A student mentioned in Zhang Xiaoxiang's blog raised a strange question about IO.
A simple and strange question
A student asked a strange question about I/O. The question is: Read a character entered by the keyboard and print the output, A string is added before and after the printed characters. The code of the program is as follows:
Public class Test
{
Public static void main (String [] args) throws Exception
{
System. out. print ("Input a char :");
Char ch = (char) System. in. read ();
System. out. println ("hello" + ch + "AB ");
}
}
Compile and run this program.
(1) input the character "a". The command line window prints the output result 1, as expected.
Figure 1
(2) run the program again, press the Enter key, and print the output result 2 in the command line window. In this case, the output result is that the character string after the characters in the print statement "replaces" Some Characters in the character string before the character, that is, the output string "ABllo" is printed ".
Figure 2
Let's take a look at why the output results are normal when you enter common characters. Press the Enter key to replace the previous string, and no line breaks are output?
--------------------
The problem above is an example that I have analyzed the cause and made adjustments for the convenience of lectures, and I have written an error pattern. In fact, the original problems of the trainees were very concealed, and they were not as direct as in my case above, and they could not find the correct rules. The following is his original program code.
Public static void main (String [] args) throws Exception {
String str = "";
Char ch0 = 0;
System. out. print ("intput string and String :");
Do {
Ch0 = (char) System. in. read ();
Str + = ch0;
} While (ch0! = '#');
Char ch/* = '0 '*/;
System. out. print (str );
Ch = (char) System. in. read ();
System. out. println ("hello" + ch + 'B ');
}
-------------------------- Answer ----------------------
When reading a character entered by the keyboard, we press the Enter key on the keyboard to read two characters, namely, "/r" and "/n ". The character "/r" indicates the carriage return, that is, the cursor returns to the beginning of the current row without line breaks. The character "/n" indicates line breaks, that is, the cursor moves to the beginning of the next row of the current row.
Press the Enter key, and System. in. read () reads the character "/r". When executing the following program code:
System. out. println ("hello" + ch + "AB ");
After the string "hello" is printed, the output character "/r" is printed. Then, the cursor moves to the beginning of the row where the string "hello" is located, because there is no character "/n ", will not switch to the next line, and then print the string "AB ". In this way, the string "AB" overwrites the first two characters of the string "hello", so we can see that the output in the command line is the string "ABllo ".

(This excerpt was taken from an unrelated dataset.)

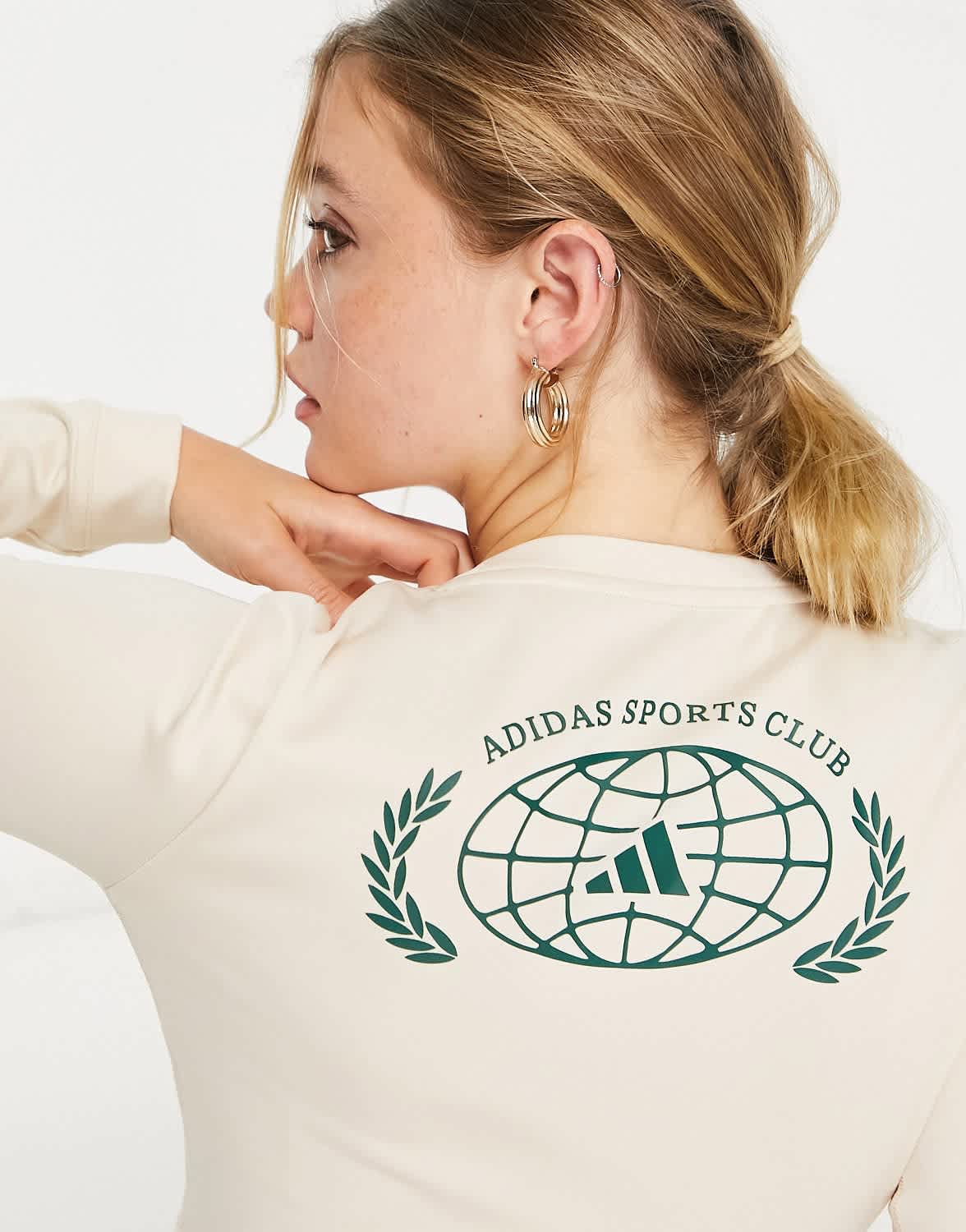 adidas Training Sports Club back print graphic long sleeve crop top in white

--------------------- Further comment ----------------------
Yuther is published on 17:59:00 IP: 58.207.152. * This problem was not found in Eclipse. I think this is caused by the encoding scheme. In Eclipse, two bytes are read by Unicode encoding, the MS console may read the statement in one byte. I would like to discuss the encoding used by the system to read this statement. Xifo is published on 08:27:00 IP: 61.191.142. * This result depends on a specific platform.
The Windows platform processes the carriage return with "/r/n;
For Linux and Unix platforms, press ENTER for "/n/r;
As for cross-platform software such as Eclipse, the system's standard output device has been redirected. The test instruction is also based on "/n/r" and press Enter.